Sesame Street has become a symbol of liberal values. With the GOP opposition to funding for the National Endowment for the Arts, the hypothetical loss of the series has been used to illustrate how dangerous it is to defund PBS and other educational artistic endeavors that benefit younger generations. This might seem a lot to heap on the furry shoulders of Sesame Street, but the series has always had the goal of uplifting children in urban, inner-city homes that often dealt with poverty and racism. To this day, the series continues that with the addition of two new muppets, with autism and an incarcerated parent, respectively. When you think of Sesame Street and Kermit the Frog wistfully singing about the "Rainbow Connection," you think of a ragtag group of friends who've come together with the best of intentions for their community. Which is exactly what the multicolored rainbow of heroes on Mighty Morphin' Power Rangers were intended to be.

Amid the Japanese stock footage and out-there story lines, the teenagers who donned suits as Power Rangers — Jason, Kimberly, Billy, Zack, and Trini, initially — were community activists. They volunteered in martial arts, participated in Big Brother programs, helped the elderly, cared about the environment, and were generally saccharinely obsessed with doing the right thing.

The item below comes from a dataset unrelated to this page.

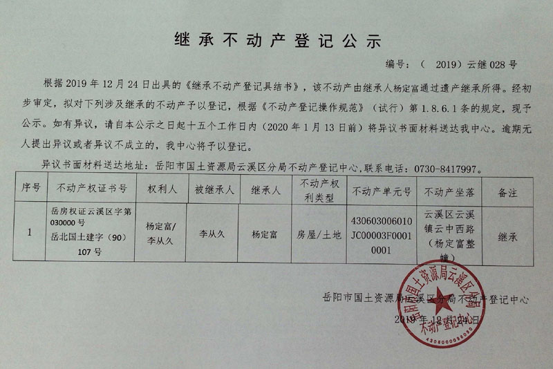 继承不动产登记公示 编号:(2019)云继028号(杨定富、李从久)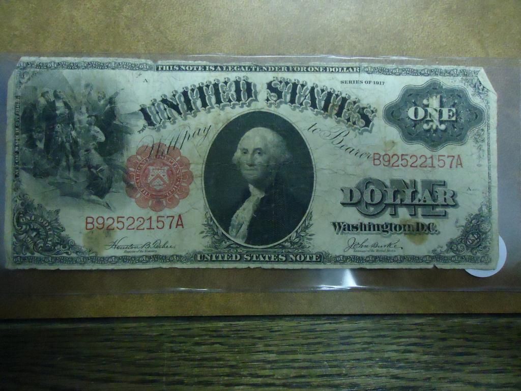 1917 LARGE SIZE $1 LEGAL TENDER NOTE RED SEAL

Episodes didn't end with fights; they usually ended with the Rangers learning a lesson, and the monsters they did fight were often metaphors for each episode's social issue of the week.

That remains a part of the franchise's DNA in Power Rangers, but the new film also recognizes that the world we live in is much different than 1993. As diverse as the series was, it was antiquated for the black ranger to be an actual black person, and the yellow ranger to be an Asian. The races are switched up in Power Rangers, with a black Billy (RJ Cyler), an Asian Zack (Ludi Lin), and a Latina Trini (Becky G). The ultimate theme of the film is that friendship will save the day, and that's never more realized than in a dramatic scene midway through the film, in which Billy's life is in peril and his new friends go to bat for him. In a real world where the bodies of black men are often shown as dead bodies or a new addition to our prison industrial complex, making a black Billy the heart of the team is a bold statement. Furthermore, Billy is autistic and Trini is a lesbian, adding degrees of representation in black and Latino communities that are rarely depicted onscreen in a positive light.

It's part of a wave of recent nostalgia that seeks to course-correct the past (like the heartwarming gay moment in this year's live-action Beauty and the Beast) rather than adhere to its racist roots (like Marvel's Iron Fist, for example, which sticks to the series' racist Orientalism aesthetic). And sure, it's obviously a movie designed to make a shit ton of money — there's some rather hilarious, plot-oriented product placement for Krispy Kreme — but if you're going to drag your kids to the multiplex to have them watch superheroes and robots and aliens fight one another, wouldn't you rather they learn something too? And if the message is that the most marginalized in our society are worthy of friendship and capable of feats of heroism? Go, go, Power Rangers.